SOURCE MATERIAL ::
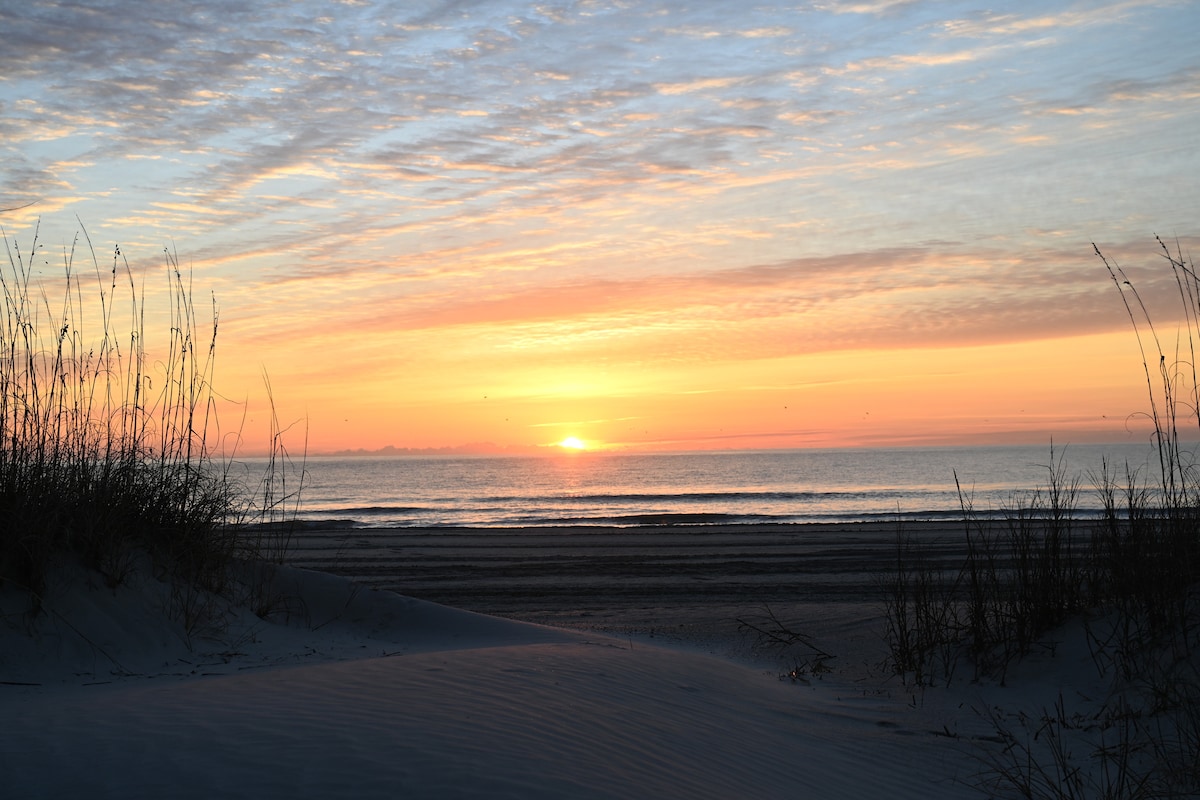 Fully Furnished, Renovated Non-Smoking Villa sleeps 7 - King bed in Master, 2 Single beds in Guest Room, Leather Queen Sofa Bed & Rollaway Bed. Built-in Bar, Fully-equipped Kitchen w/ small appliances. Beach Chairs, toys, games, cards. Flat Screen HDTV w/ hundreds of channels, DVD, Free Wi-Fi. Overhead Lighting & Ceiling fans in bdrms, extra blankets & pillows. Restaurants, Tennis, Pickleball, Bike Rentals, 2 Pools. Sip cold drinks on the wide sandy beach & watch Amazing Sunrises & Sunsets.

...

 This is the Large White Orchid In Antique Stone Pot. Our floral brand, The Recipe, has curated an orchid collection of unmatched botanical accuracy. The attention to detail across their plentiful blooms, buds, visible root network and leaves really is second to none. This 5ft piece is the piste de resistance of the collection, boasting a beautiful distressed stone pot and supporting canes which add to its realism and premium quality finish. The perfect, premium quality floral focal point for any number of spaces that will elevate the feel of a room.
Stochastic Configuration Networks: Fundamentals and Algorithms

EXERCISE DETAILS :: Look in the material above for the line with "This is the" and the line with "Stochastic Configuration Networks: Fundamentals", and transcribe exactly those lines and all lines between them, nothing more.

FINISHED EXERCISE ::
 This is the Large White Orchid In Antique Stone Pot. Our floral brand, The Recipe, has curated an orchid collection of unmatched botanical accuracy. The attention to detail across their plentiful blooms, buds, visible root network and leaves really is second to none. This 5ft piece is the piste de resistance of the collection, boasting a beautiful distressed stone pot and supporting canes which add to its realism and premium quality finish. The perfect, premium quality floral focal point for any number of spaces that will elevate the feel of a room.
Stochastic Configuration Networks: Fundamentals and Algorithms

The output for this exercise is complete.